Retail sales figures up to modest growth; growth prospects.

by gleiseo3 on 2012-02-11 10:45:13

By Lucia Mutikani, Washington | Wednesday, April 13, 2011, 7:08 AM CEST Washington (Reuters) - U.S. retail sales reported their smallest gain in nine months in March as auto sales plunged and consumers felt the sting of higher gas prices. In another sign that economic growth slowed in the first quarter, the government on Wednesday separately reported a sharp decline in business inventory accumulation in February. Economists, who have consistently been lowering growth forecasts as first-quarter data has come in, are quickly cutting them again. Nonetheless, they expect the recovery to gain momentum later this year.

"The recovery and spending in the first quarter has been a bit of a disappointment, partly because of energy prices, and we're going to limp through this (second) quarter," said Ryan Sweet, a senior economist at Moody's Analytics in West Chester, Pennsylvania.

Retail sales rose 0.4 percent in March, the Commerce Department said on Wednesday. Excluding gasoline, retail sales were up a meager 0.1 percent.

Economists now see first-quarter GDP growth as low as 1.4 percent annualized. At the start of the year, many economists expected a pace of around 3.5 percent. The economy grew at a 3.1 percent rate in the final three months of 2010.

Business inventories, an important component of GDP, imply slower production with less restocking taking place.

Gasoline price increases for the bulk of retail sales in March were a major factor holding back growth. Bad weather early in the year and a still weak labor market also weighed on the economy.

"The forces restraining real GDP growth in the first quarter will prove transitory," said Dean Maki, chief U.S. economist at Barclays Capital in New York. "Other key indicators of activity are all moving in a manner consistent with strong, not weak, economic growth."

Companies are beginning to feel the pinch of high energy prices, a Federal Reserve Beige Book report showed on Wednesday.

In a summary of economic conditions, the U.S. central bank said the economy continued to improve last month but higher raw material costs were reported to be putting upward pressure on prices.

Expensive gasoline is boosting receipts at gas stations, which account for about one-tenth of total retail sales. Sales at gas stations rose 2.6 percent last month after increasing 2.4 percent in February.

Gasoline averaged $3.62 per gallon last month, up 35 cents from February. The U.S. Energy Information Administration warned on Tuesday that prices could rise to about $4 per gallon nationwide this summer.

Upward revisions to January and February sales data took some of the sting out of the report, leaving consumer spending growth tracking at about a 2 percent rate in the first quarter, according to economists.

Consumer spending, which makes up 70 percent of U.S. economic activity, grew at a robust 4 percent pace in the final three months of last year.

In a separate report, the Commerce Department said business inventories rose 0.5 percent in February after advancing 1.0 percent in January. Businesses sharply scaled back on restocking in the fourth quarter of 2010, which sliced 3.4 percentage points off GDP growth during that period.

Economists had expected faster restocking to help lift growth at the start of this year, but the February data tempered their expectations. The reports had little impact on financial markets. On Wall Street, the Dow industrials .DJI and the Standard & Poor's 500 index .SPX were each down 0.1 percent after gaining on strong profit growth at JPMorgan Chase & Co (JPM.N), which dramatically cut the amount of money it set aside for bad loans.
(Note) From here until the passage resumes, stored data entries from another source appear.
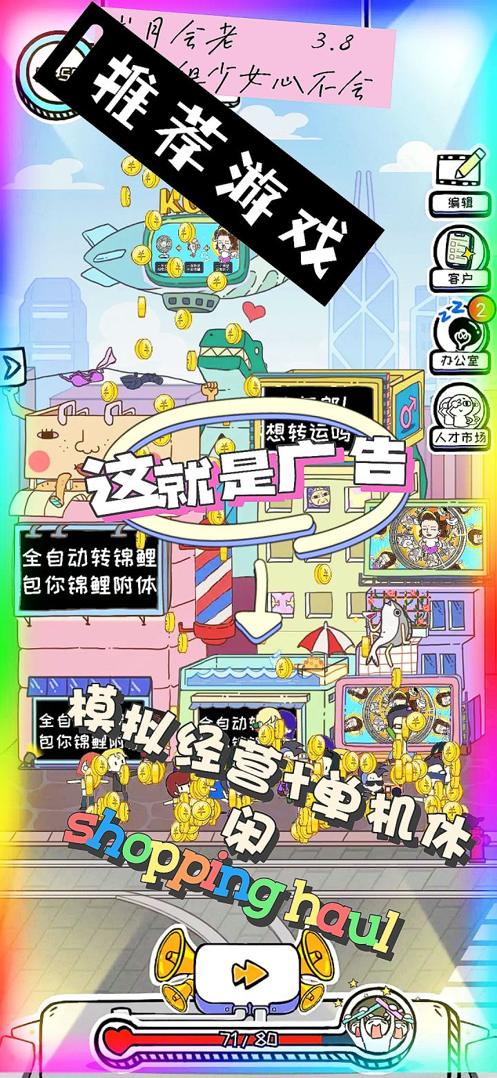 😜《“这就是广告”:创意无限的经营之旅》😜🎮嘿,亲爱的小伙伴们!今天我要给你们推荐一款超级有趣的休闲单机模拟经营手游——“这就是广告”!💡在这个充满创意和挑战的游戏世界里,你将成为广告界的大咖😎!🎯游戏玩法新奇又丰富!首先,你需要组建自己的广告团队👥,招募各种有才华的员工,比如创意策划师、设计师、营销专家等等。然后,根据客户的需求和目标,策划出独特而吸引人的广告方案📋。🎉你可以发挥自己的想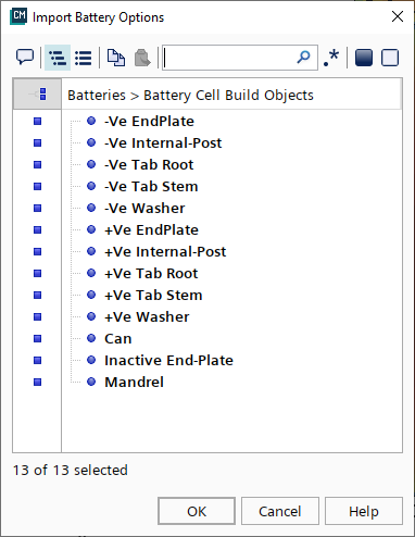 在导入电池选项对话框中,确保选择所有对象,然后单击确定。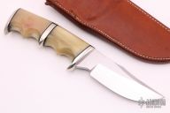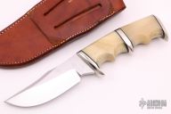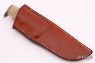 This hunter by RJ Knives features a satin finish blade, nickel silver guard and butt, and sheep horn grip, black spacers. .251" blade thickness and 1.430" blade depth. Hidden tang construction. Comes with brown leather sheath and original box. Great feel in the hand. Has some scratches and patina, otherwise good condition.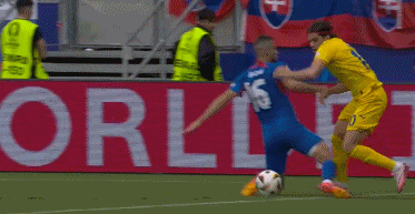 比赛开始,两队打法很相似也都很直接,在稳固防守的基础上,不在中场做过多纠缠,通过快速反击和边路突袭来制造威胁,可谓势均力敌。第11分钟,罗马尼亚队进攻造险。拉蒂乌在斯洛伐克队中路密集防守前和队友打出精妙配合,突入禁区后的拉蒂乌一脚兜射被门将奋力扑出,随后跟进的因尼斯·哈吉一脚补射打高。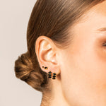 photo d'oreille avec 4 trous et une accumulation de boucle d'oreille noir 2 petites créoles et 2 puces onyx noir super chic et classe

However, the Nasdaq .IXIC was down 0.6 percent, buoyed by advances in tech shares.

A 1.7 percent drop in auto sales weighed on March retail figures. Excluding autos, sales rose 0.8 percent.

Elsewhere, clothing store revenues increased 0.6 percent last month while sporting goods, hobby, book, and music store sales edged up 0.1 percent.

Despite being squeezed by high gas prices, consumers splurged on furniture — recording the largest gain since July 2004 — and on electronics and appliances. Sales of building materials and garden equipment were also solid.

"It seems to us that people are maintaining their spending in the face of higher gas prices with their savings," said Ian Shepherdson, chief U.S. economist at High Frequency Economics in Valhalla, New York.

So-called core retail sales — which exclude autos, gasoline, and building materials — rose 0.4 percent after a 1.1 percent increase in February. Core sales correspond most closely to the consumer spending component of the government's GDP report.